Above: eigenvalue estimates for 10 iterations of trial 4. Each of the 11 frames uses an increasing value of $\alpha$. Estimates are in blue and targets are in red.

Above: residual estimation error $e_r$ as a function of $\alpha$.

# Trial 5:

Order: 4
Mics: 1
Winsize: 10000
$\Lambda$ :
(0.3872974842150309,0.8122763294810199) (-0.8456804527113718,0.3066288313181266) (0.3872974842150309,-0.8122763294810199) (-0.8456804527113718,-0.3066288313181266)

Above: eigenvalue estimates for 10 iterations of trial 5. Each of the 11 frames uses an increasing value of $\alpha$. Estimates are in blue and targets are in red.

Above: residual estimation error $e_r$ as a function of $\alpha$.

# Trial 6:

Order: 4
Mics: 1
Winsize: 10000
$\Lambda$ :
(-0.5739124096864732,0.8184095412155564) (0.1659348948186841,0.9853479917780656) (-0.5739124096864732,-0.8184095412155564) (0.1659348948186841,-0.9853479917780656)

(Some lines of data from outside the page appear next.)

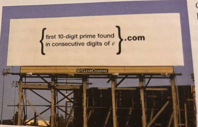 Google's Clever Trick to Attract Employees! In 2004, Google placed a billboard on Highway 101 in Silicon Valley with a simple yet fun challenge: "Find the first 10-digit prime number in consecutive digits of e and Visit [that number].com." This le
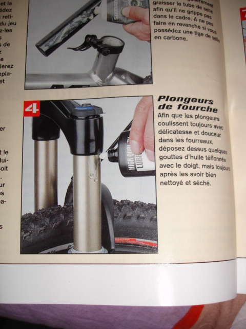 Pour ce qui est de la lubrification interne des fourches qui fonctionnent sans huile, j'imagine que cela doit dépendre de chaque fabricant et modèle de fourche (utilisations de matériaux autolubrifiant comme le teflon ou le bronze qu'il ne faut surtout pas lubrifier au risque d'accélérer leur usure, de la graisse sur certains modèles d'entrée de gamme comme rst). Dans le dernier cas la fourche sera lubrifiée aprés démontage/nettoyage, si elle a fini par s'assécher, c'est que l'étanchéité intérieur/exterieur n'est pas au rendez vous, elle est donc tartinée, y compris à l'intérieur, d'une jolie pate à polir noire (poussière+graisse), se contenter de recharger en lubrifiant ne fera que fluidifier cette pate abrasive (ha si, ça va aussi améliorer sa capacité à receuillir un peu plus de poussière
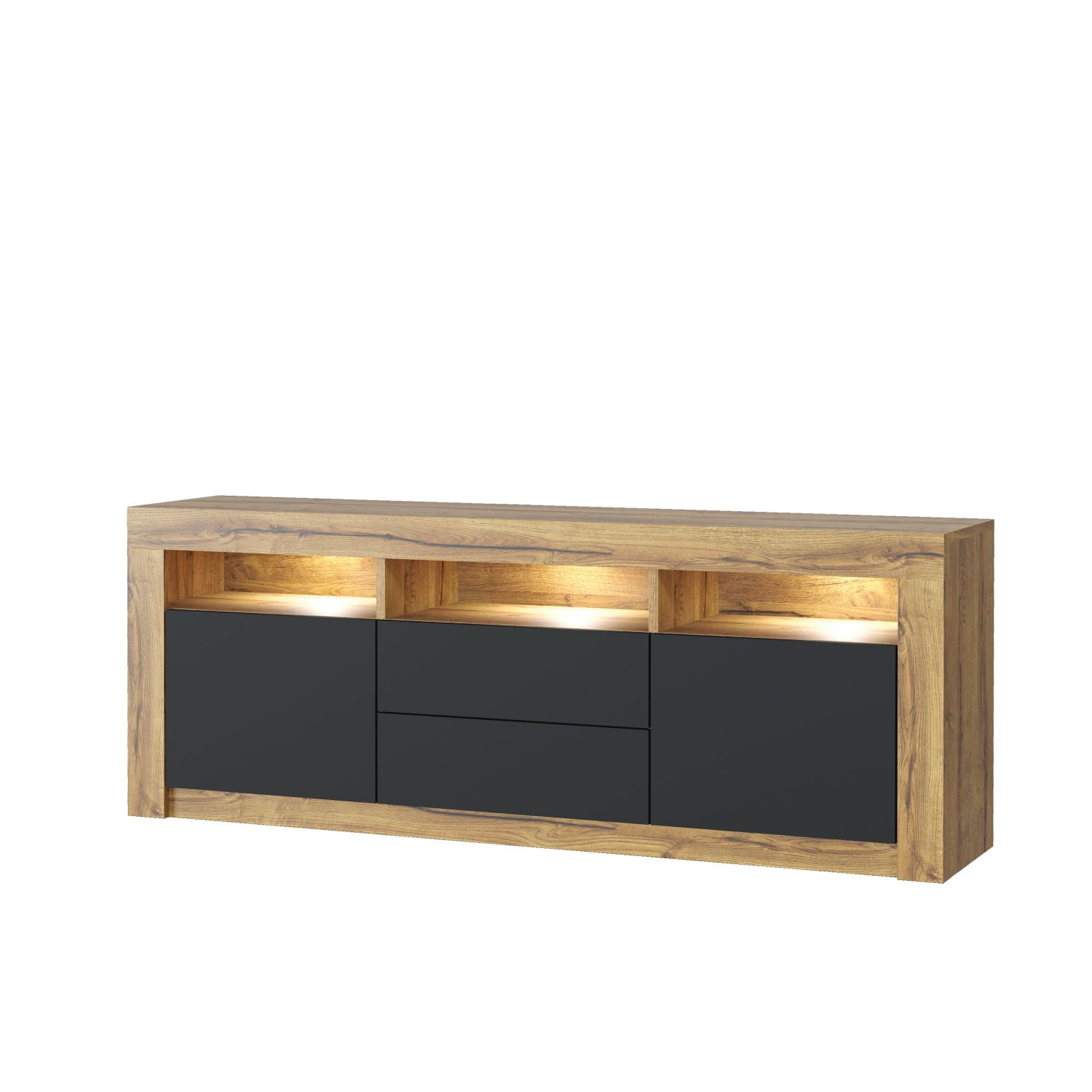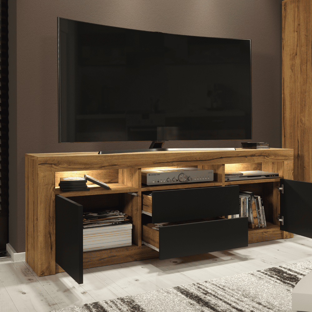 The OASIS TV Unit is a stunning centerpiece for any living room, combining modern design with functional storage to elevate your entertainment setup. Measuring 160cm (W) x 60cm (H) x 35cm (D), this spacious unit offers a perfect balance of style and practicality, making it an ideal choice for larger spaces. At the center of the unit, two generously sized drawers provide convenient storage for remotes, game controllers, or everyday items, ensuring a tidy and organized space. Above the drawers, open compartments are designed to accommodate media devices or decorative pieces, and LED lights included in the set softly illuminate these areas, creating a warm and inviting ambiance. Please note: the Oak with Black version features matte black doors, providing a unique and stylish alternative to the glossy finishes available in other combinations. Available in White & Gloss Doors, White & Grey Gloss Doors, Black & Gloss Doors, Walnut & Black Gloss Doors, Oak & White Gloss Doors, Oak & Black Matt Doors, and Dark Grey & Gloss Doors.
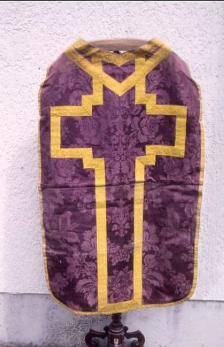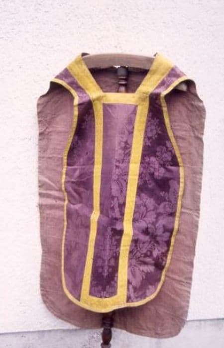 Chasuble et manipule en damas violet et doublure cramoisi. Orfrois et croix de la chasuble dessinés par passementerie droite à figures géométriques à huit cotés en coton jaune doré. Ornement et franges en coton jaune doré sur le manipule.
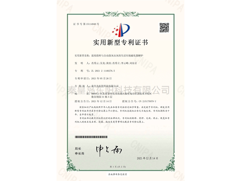 連續(xù)投料與自動(dòng)落灰出灰的生活垃圾磁化裂解爐-實(shí)用新型專利證書(shū)
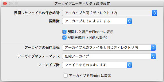 Mac OS 10.12で作成 - 「アーカイブユーティリティ.app」をダブルクリックで起動させ、[環境設定]から、展開後、元のzipファイルをどうするかなど、多少の設定変更が可能です。
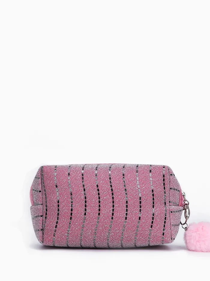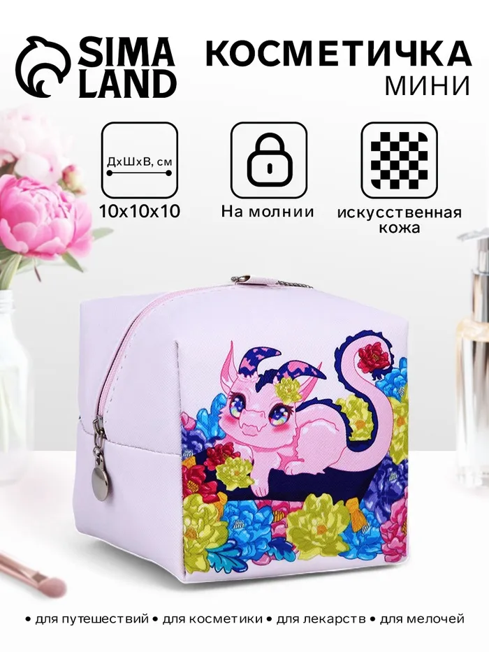 Косметичка на молнии объёмная, с ручкой, маленькая, с принтом, розовая — Характеристики
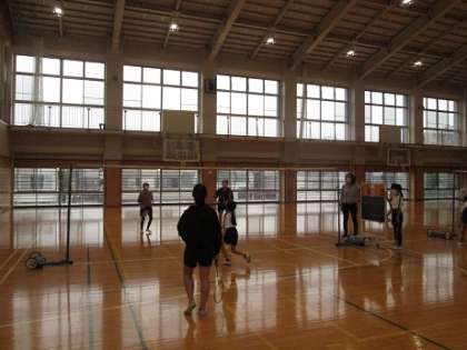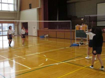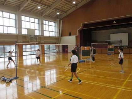 バドミントンクラブの様子です。試合形式でたくさん打ち込みました。

Above: eigenvalue estimates for 10 iterations of trial 6. Each of the 11 frames uses an increasing value of $\alpha$. Estimates are in blue and targets are in red.

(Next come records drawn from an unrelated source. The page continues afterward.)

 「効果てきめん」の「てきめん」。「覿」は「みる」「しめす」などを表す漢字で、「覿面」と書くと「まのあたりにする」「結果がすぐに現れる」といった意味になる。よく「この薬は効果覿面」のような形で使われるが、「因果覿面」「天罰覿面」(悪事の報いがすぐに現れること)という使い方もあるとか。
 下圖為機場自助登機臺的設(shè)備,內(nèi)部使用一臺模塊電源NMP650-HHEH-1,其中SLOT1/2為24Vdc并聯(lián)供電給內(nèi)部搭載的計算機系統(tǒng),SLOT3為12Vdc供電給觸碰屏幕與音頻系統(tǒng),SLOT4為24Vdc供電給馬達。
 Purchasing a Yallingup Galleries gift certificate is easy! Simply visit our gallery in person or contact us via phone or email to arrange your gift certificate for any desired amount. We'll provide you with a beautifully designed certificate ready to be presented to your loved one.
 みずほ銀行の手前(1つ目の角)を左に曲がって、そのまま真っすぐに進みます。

Above: residual estimation error $e_r$ as a function of $\alpha$.

# Conclusion:

These results, in particular the mean squared residual error data, show fairly unequivocally that Tikhonov Regularization is not an appropriate technique for the present application. The eigenvalue estimates barely show any change as a result of increasing $\alpha$ in this range, and the residual estimation is worsened in general. However, there are many more strategies available for avoiding overfit. Future work will explore other types of regularization which may be better suited to serve the present constraints.